The Hawke’s Bay region was among the hardest hit by Cyclone Gabrielle, which left a significant impact across the Hawke’s Bay region: lives were lost, families displaced, and the primary sector (vital to region’s economy) was devasted.  

This event left key flood protection infrastructure managed by HBRC severely damaged, and in some cases no longer fit for purpose. HBRC is now tasked to rebuild, strengthen, and future-proof flood mitigation systems so its communities are safer, stronger, and more resilient to climate change. 
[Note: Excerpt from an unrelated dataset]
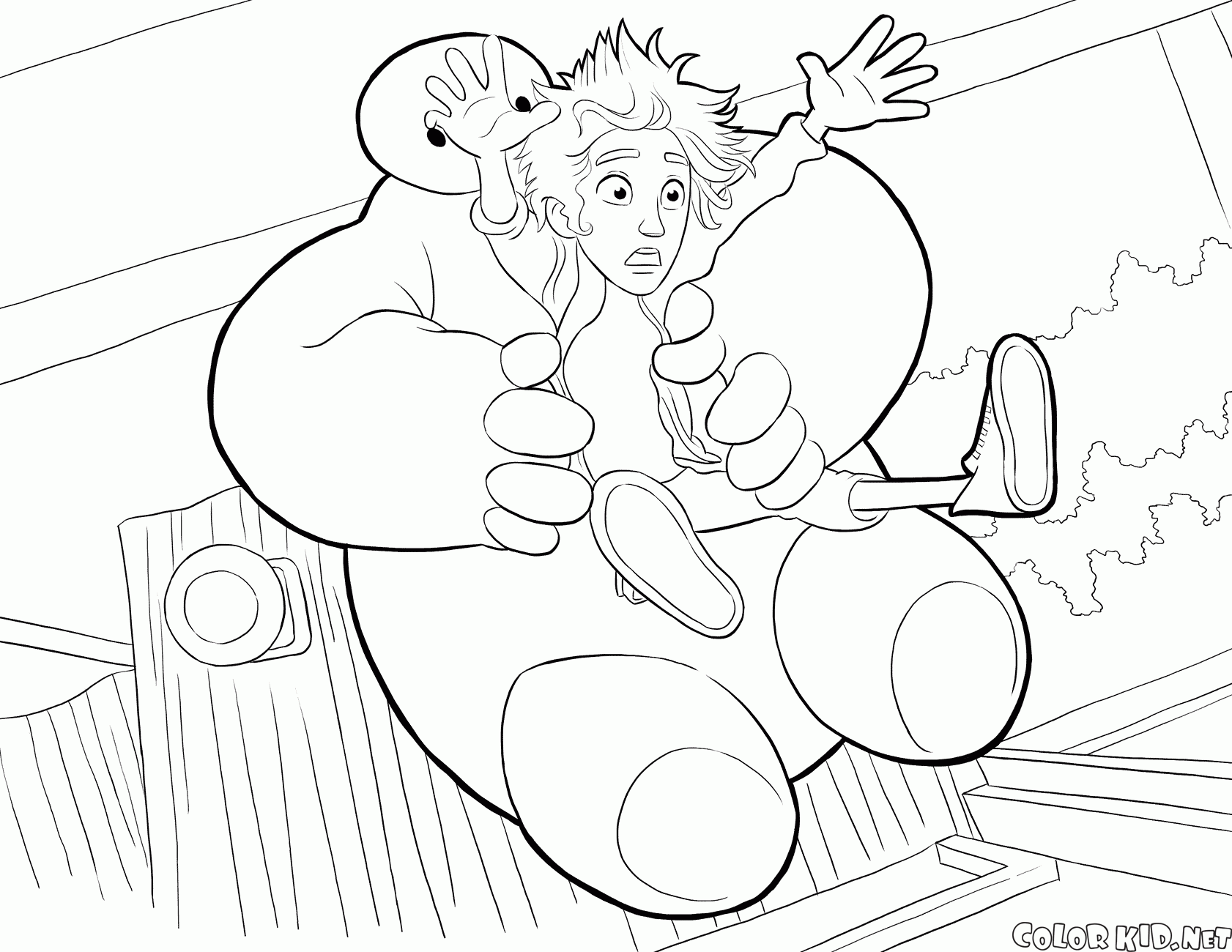 Kolorowanka - Baymax i Hiro latania w dół

HBRC’s approach has been to create a NIWE programme of works, broken down into eleven key projects, each requiring a bespoke solution and tailored to its community’s unique needs and climate challenges. This programme is an important part of strengthening the region’s resilience, with the key goal of moving properties classified as Category 2C to Category 1, enabling landowners to rebuild, improve their insurability, restore value to their properties, and move forward.

HBRC Chair Sophie Siers has extended Council’s gratitude to LGFA for its financial support of the NIWE programme.

“There is a synergy between what LGFA and HBRC are undertaking with the NIWE flood resilience programme in terms of its social improvements and the environmental benefits these important projects will deliver to our communities in Hawke’s Bay,” says Chair Siers. 

LGFA has financed Hawke’s Bay Regional Council’s portion of this programme with it being the first combined programme of works approved under LGFA’s Green and Social Loan programme.

Waiohiki

One of the 11 projects within the programme, the Waiohiki Project, is a stopbank focused on mitigating the impact of floodwaters on the local marae and community.